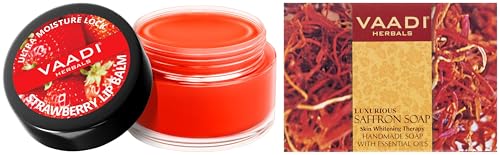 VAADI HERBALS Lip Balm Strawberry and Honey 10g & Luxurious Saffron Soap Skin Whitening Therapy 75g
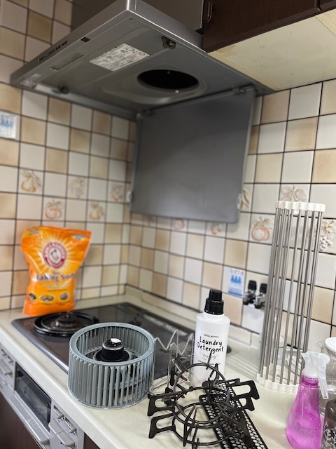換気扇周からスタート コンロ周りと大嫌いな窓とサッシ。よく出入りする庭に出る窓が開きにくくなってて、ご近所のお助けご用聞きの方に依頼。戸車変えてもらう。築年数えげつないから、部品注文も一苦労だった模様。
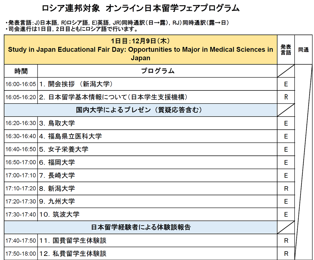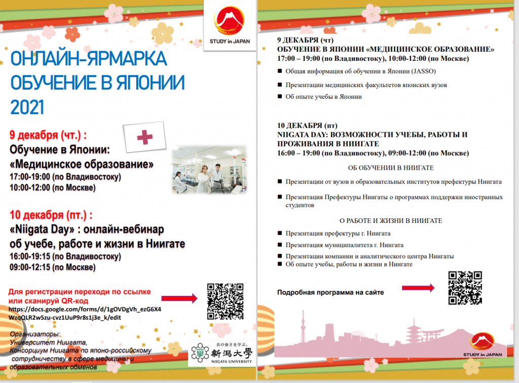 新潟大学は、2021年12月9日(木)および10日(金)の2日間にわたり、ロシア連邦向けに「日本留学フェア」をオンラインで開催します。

____

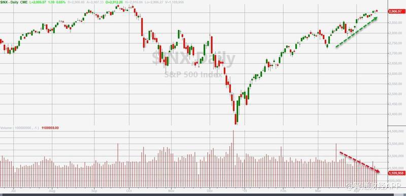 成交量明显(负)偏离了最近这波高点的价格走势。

____

[TASK GOAL]: Lines from the one above containing "VAADI HERBALS Lip" down to the one containing "新潟大学は、2021年12月" should be transcribed exactly, with both ends kept and no pictures.

[EXERCISE OUTPUT]:
 VAADI HERBALS Lip Balm Strawberry and Honey 10g & Luxurious Saffron Soap Skin Whitening Therapy 75g
換気扇周からスタート コンロ周りと大嫌いな窓とサッシ。よく出入りする庭に出る窓が開きにくくなってて、ご近所のお助けご用聞きの方に依頼。戸車変えてもらう。築年数えげつないから、部品注文も一苦労だった模様。
 新潟大学は、2021年12月9日(木)および10日(金)の2日間にわたり、ロシア連邦向けに「日本留学フェア」をオンラインで開催します。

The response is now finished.